EventLog Analyzer, a log management tool, allows you to customize the list of admissible entities or sources. The tool enables you to whitelist IP addresses, URLs, and domains. It collects log information and correlates it with the list of the whitelisted sources to ensure that alerts are not triggered needlessly.
For instance, global threat feeds often flag legitimate IP addresses that your enterprise uses as "malicious." EventLog Analyzer helps you whitelist such IPs, allowing them to bypass the security check. Further, it excludes whitelisted sources from threat alerts and external threat reports to help reduce the number of false positives, and simplify the threat management process.
Integration with Advanced Threat Analytics
EventLog Analyzer's Advanced Threat Analytics helps you identify malicious sources based on their reputation score. Threat whitelisting is integrated with Advanced Threat Analytics to reduce the number of false positives.

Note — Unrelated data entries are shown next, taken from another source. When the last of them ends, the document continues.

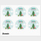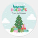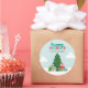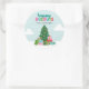 Sticker Rond Happy Holidays Tree with Gifts in Aqua Blue
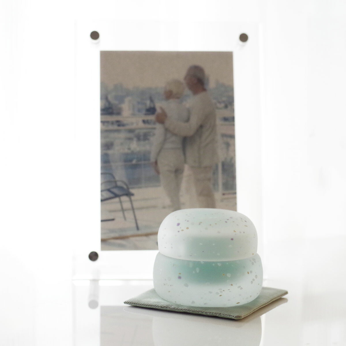 彩・Saiシリーズカラー新緑(グリーン系) 花がすみ(ホワイト系)さくら(ピンク系)ラベンダー(パープル系)ソラ(水色系)サイズ高さ54mm 直径70mm 間口36mm 材質ガラス 重量270g付属品専用桐箱、納骨用小袋 敷布(商品カラーと同カラー)商品説明 ガラス特有の透明感と優しい色、磨りガラスの落ち着いた風合い、丸いフォルムによる優しい印象のソウルプチポット。ロック機能付き。 2015年グッドデザイン賞受賞。
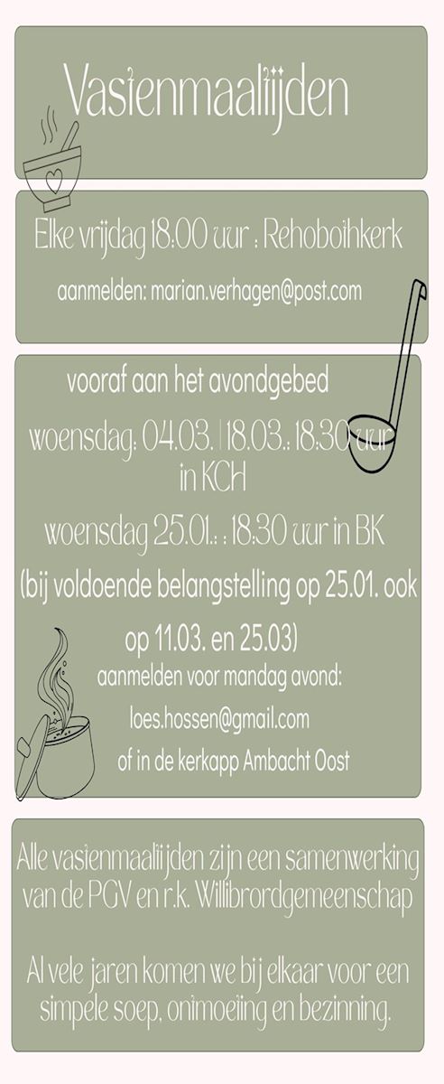 Donderdag 12 februari: Gezamenlijke avond met alle vrijwilligers die zich inzetten rondom de erediensten.
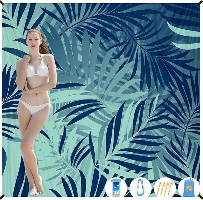 - ๐BIG BEACH BLANKET:Durable and fast drying,can also be used as a canopy,sunshade,tent,toddler crawling mat,picnic mat,first aid mat,better professional fabric sewing without irritating the skin,providing you a good sense of use.
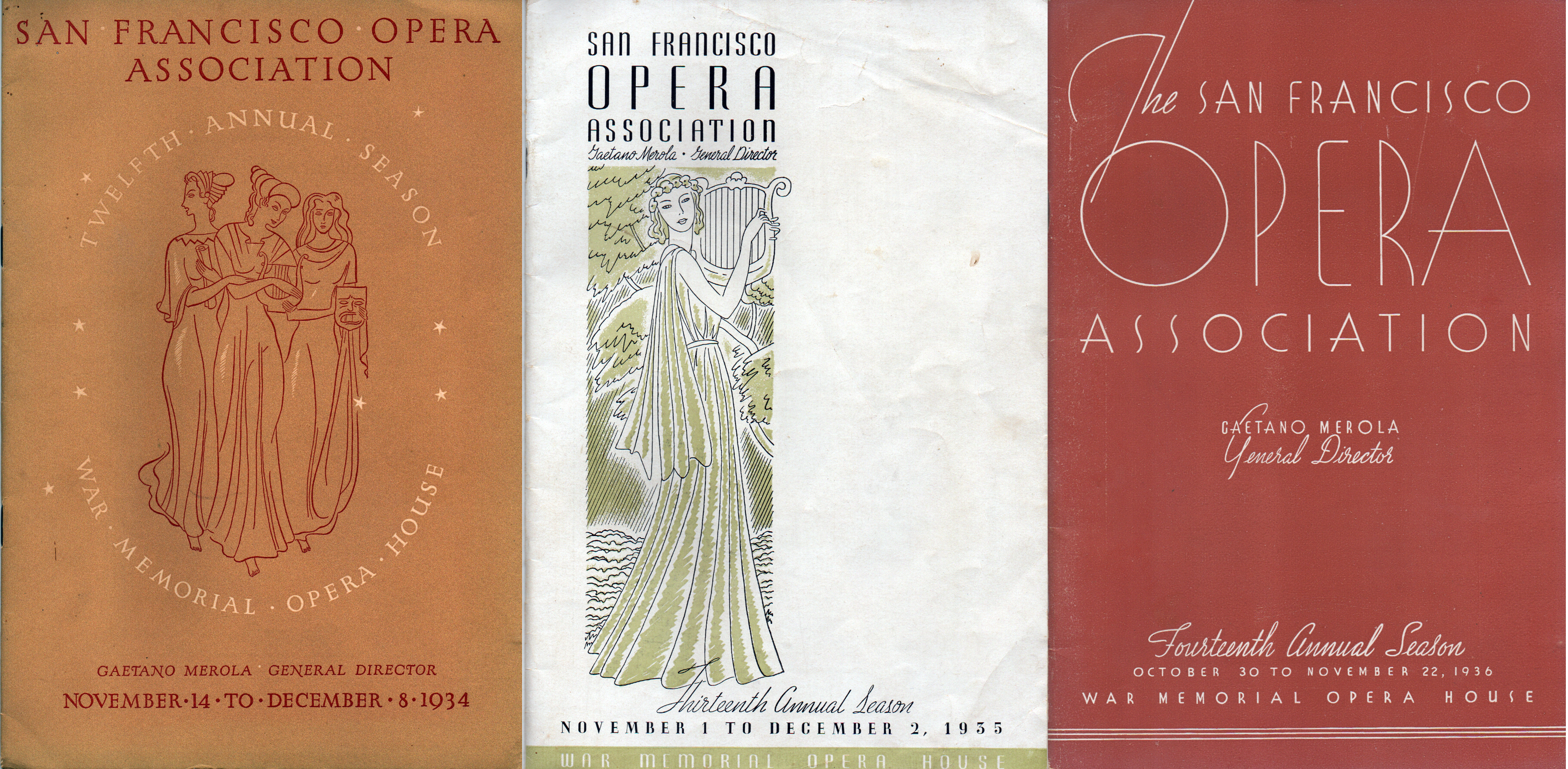 오프닝 시즌 이후 9년 동안, 샌프란시스코 전쟁 기념 오페라 하우스가 아서 브라운 주니어에 의해 설계되었다. 1932년 10월 15일, 오페라단은 새 오페라 하우스 개관을 기념하여 클라우디아 무지오가 주연을 맡은 ''토스카''를 공연했다.[36] 메롤라 시대에는 세계적인 가수들이 샌프란시스코를 정기적으로 찾아, 짧은 시즌과 전국을 가로지르는 긴 이동 시간을 고려하여 여러 역할을 종종 수행했다.[4][37]

For instance, let's use an IP address with a reputation score of 80. This address has been flagged as malicious even though it's trustworthy to your organization. EventLog Analyzer comes with an option to whitelist sources on the spot when the notification is shown. You can even whitelist multiple sources in a single click.
By combining the wealth of information from the collected logs and the database of global threat feeds, EventLog Analyzer gives you the necessary information on IPs, URLs, and domains to identify seemingly malicious yet useful sources, and whitelist them.